Я вспоминаю этот мир посада, куда по прихоти истории и насмешке судьбы занесло мою бабушку и мою мать, со смешанным чувством нежности и жалости. Меня, впрочем, скорее заставляет грустить о незавидной доле моего народа химкинское воспоминание о том, как во время первой бабушкиной серьезной болезни мать, ездившая на службу в город, подыскала мне няньку. Это была замордованная тетка, жившая в рабочем бараке у станции. Вменялось ей со мной гулять , и та, конечно, знала это слово, но наверняка в другом значении. Гуляли мы с ней так: едва мать отворачивалась, а мы оказывались во дворе, моя нянька быстрым шагом вела меня в свой барак у станции, сажала на лавку и затевала стирку. Там, в клубах пара, в едком облаке испарений хозяйственного мыла, на единственной на весь длиннющий барак кухне и обнаружила меня, однажды спохватившаяся, моя наивная мамочка… Нет, меня не умиляют воспоминания о том, как ко мне иногда подходили незнакомые дядьки и просили мальчик, возьми у мамы стакан, и я, отзывчивый ребенок, тащил посуду из дому, бабушку не спросясь, – самое удивительное, что в те наивные времена стакан почти всегда возвращали. Меня как-то мало греют воспоминания о том, как старшие мальчики захватывали меня воровать яблоки в большом общественном саду, по старой памяти называвшемся совхозным , хотя никакого совхоза нигде вблизи не было, и ставили на атасе , чтобы крикнул, коли увижу приближающегося сторожа-татарина; или как я увязывался за этой же компанией на канал , но в воду, впрочем, не лез по неумению плавать.

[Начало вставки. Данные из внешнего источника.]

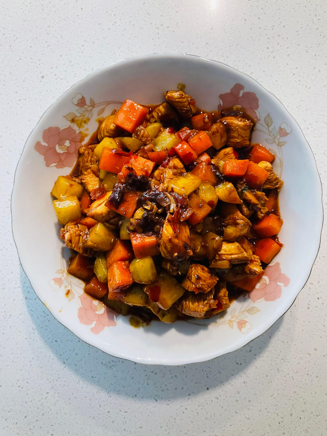 第二次做了,两个小时煲了一大只老母鸡,先焯水去农残,加了几只香菇和胡萝卜,鸡油都去掉了,正好煮出来一点点油营养又健康

По сути, у меня нет умильно щемящих воспоминаний детства, хотя многое, очень многое я могу отчетливо вспомнить. Быть может, теперь я просто слишком далек от того бесхитростного поселкового быта, который дарил моей семье, право слово, мало радости. К тому же окружающее пространство было мне хоть и любопытно, но чуждо. Так или иначе я вспоминаю, поворачиваясь к детству, отчего-то не сцены, скажем, новогодней елки или катания на санках с горки ледяной, хотя были, конечно, и санки, и елки. Даже не сцену, которую любили вспоминать бабушка и мать, когда я увидел на улице женщину, несущую на руках младенца, завернутого точно в такое одеяло, в каком из роддома только что доставили мою новорожденную сестру, и в панике бросился домой, вопя Катьку украли . Память подсказывает отчего-то другие истории.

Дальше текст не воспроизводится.